# Exercise inputs
*** Begin section ***

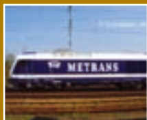
A Metrans beruházásról 4. oldal
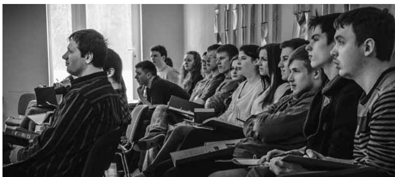
Jaunieši nodarbības laikā
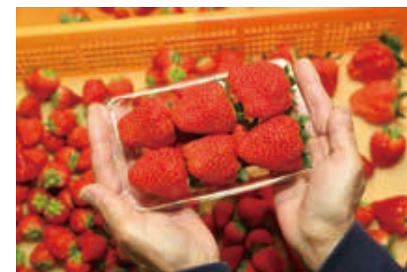
▲パック詰めの様子
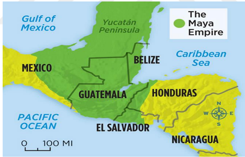
Şekil 7 Maya Medeniyeti

başlaması ve şuan henüz tam anlamıyla tasnifli bir tarih yazımı ortaya çıkmaması sebebiyle yerli kültürlerin tarih öncesi pekde açıklanamayacak durumdadır. Mayalarında nasıl tarih sahnesine çıktıklarına dair elde fazla delil yoktur. Maya önce orta Amerika'da takribi m.ö. 1200 ile 400 yılları arasında yaşayan Olmek kültürünün varlığı ortaya çıkarılmışsada bu kültüre ve dinine ait bir bilgi yoktur. 38 Mayaların da bu Olmek kültürünün devamı olduğu düşünülmektedir. Mayalar tarihsel olarak üç döneme ayrılırlar. Bu topluluğa ait ilk izler, klasik öncesi dönem olarak adlandırılan m.ö. 3.yy. dan kalmadır. Guatemala'da Peten bölgesinin kuzeyindeki Nakbe ve El Mirador şehirlerinin kalıntıları bulunmuştur ki bu alan mayaların dini merkezleri olarak bilinmektedir. 39 Guatemala, Belize, Honduras, Meksika topraklarında maya şehirlerine rastlanmaktadır.
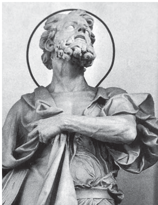
Giovanni Marchiori, Sveti Petar , Santa Maria della Pietà, Venecija, detalj Giovanni Marchiori, St. Peter, Santa Maria della Pietà, Venice, detail
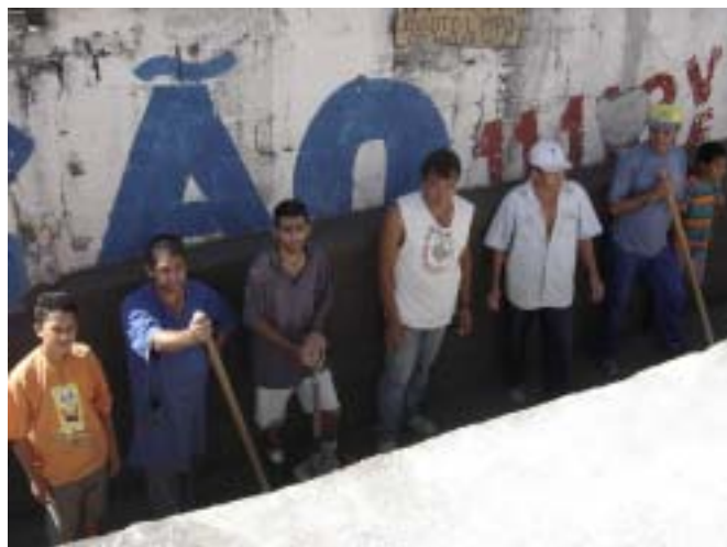
Moradores durante o mutirão de canalização do esgoto

Enquanto a Rainha da Paz luta para fazer funcionar a padaria comunitária, os moradores da Maracanã não ficam de braços cruzados. Ao mesmo tempo em que se organizam para a realização de um mutirão de limpeza e canalização de um esgoto no beco onde futuramente funcionarão a padaria comunitária e uma creche, eles se reúnem para receber representantes da Sub Prefeitura, formular reivindicações e cobrar que os governos cumpram suas promessas.
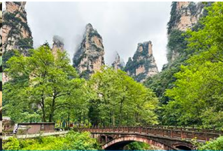
จุดชมวิวจินเปียนซี
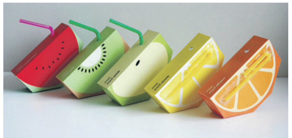
Fot. 3. Oryginalne opakowania- soki owocowe.

Kolor jest integralną częścią projektu opakowania i przyczynia się do jego efektywności i poprawia jego zdolność sprzedażową. Przyciąga uwagę klienta, ułatwia identyfikację z marką, podkreśla estetyczność i atrakcyjność.
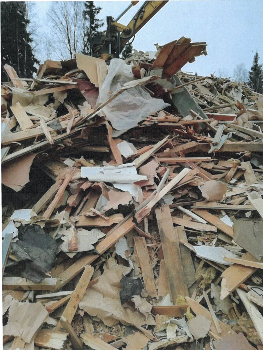
Kuva 8. Purkujätettä, joka on kuljetettu murskattavaksi kiinteistölle ROSKALA (583-402-27-5).
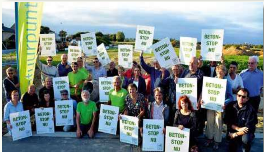
Links een interview met Focus-WTV naar aanleiding van de dreigende verkaveling van een deel van het Bergmolensbos (2016), rechts een protestactie tegen de voortschrijdende betonnering en verkaveling van het openruimtegebied rond Roeselare (2018).

PS: Vond je dit interessant? Dan hebben we voor jou nog wat activiteiten in de pijplijn zitten:
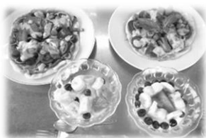
簡単に贅沢なランチができました。

七郷市民センターで開催された「夏休み親子企画 ペットボトルでピザ作り」に参加しました。ペットボトルに生地の材料を入れて子供と一緒に楽しくフリフリし、服の中や手で温めて発酵させると、簡単にピザの生地が出来ちゃいました！！生地が発酵して2倍に膨らんで行く様子は見ていてとても楽しく、フタを開けると「ポーン」という音と共に、生地がよろよろ出てくる所も、とても面白かったです。生地を広げ、好きな材料をトッピングして焼いたら出来上がり。子供たちは、最初から自分
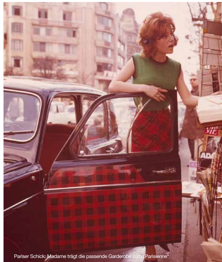
Pariser Schick: Madame trägt die passende Garderobe zum „Parisienné“.
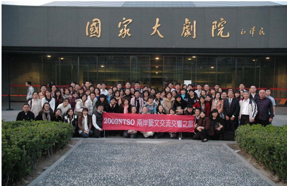
國臺交團員與客席指揮於劇院外合照
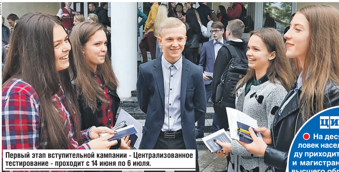
Первый этап вступительной кампании - Централизованное тестирование - проходит с 14 июня по 6 июля.

работать разумный баланс между универсальностью знаний, их фундаментальным характером и ориентированностью на потребности реального сектора экономики. Что поможет достичь поставленной цели?

*** End section ***

# What is needed
Nothing but the lines from the first line of the listing above to the line containing "Moradores durante o" should appear in the answer, each one exact and with no pictures.

# Expected answer
A Metrans beruházásról 4. oldal
Jaunieši nodarbības laikā
▲パック詰めの様子
Şekil 7 Maya Medeniyeti

başlaması ve şuan henüz tam anlamıyla tasnifli bir tarih yazımı ortaya çıkmaması sebebiyle yerli kültürlerin tarih öncesi pekde açıklanamayacak durumdadır. Mayalarında nasıl tarih sahnesine çıktıklarına dair elde fazla delil yoktur. Maya önce orta Amerika'da takribi m.ö. 1200 ile 400 yılları arasında yaşayan Olmek kültürünün varlığı ortaya çıkarılmışsada bu kültüre ve dinine ait bir bilgi yoktur. 38 Mayaların da bu Olmek kültürünün devamı olduğu düşünülmektedir. Mayalar tarihsel olarak üç döneme ayrılırlar. Bu topluluğa ait ilk izler, klasik öncesi dönem olarak adlandırılan m.ö. 3.yy. dan kalmadır. Guatemala'da Peten bölgesinin kuzeyindeki Nakbe ve El Mirador şehirlerinin kalıntıları bulunmuştur ki bu alan mayaların dini merkezleri olarak bilinmektedir. 39 Guatemala, Belize, Honduras, Meksika topraklarında maya şehirlerine rastlanmaktadır.
Giovanni Marchiori, Sveti Petar , Santa Maria della Pietà, Venecija, detalj Giovanni Marchiori, St. Peter, Santa Maria della Pietà, Venice, detail
Moradores durante o mutirão de canalização do esgoto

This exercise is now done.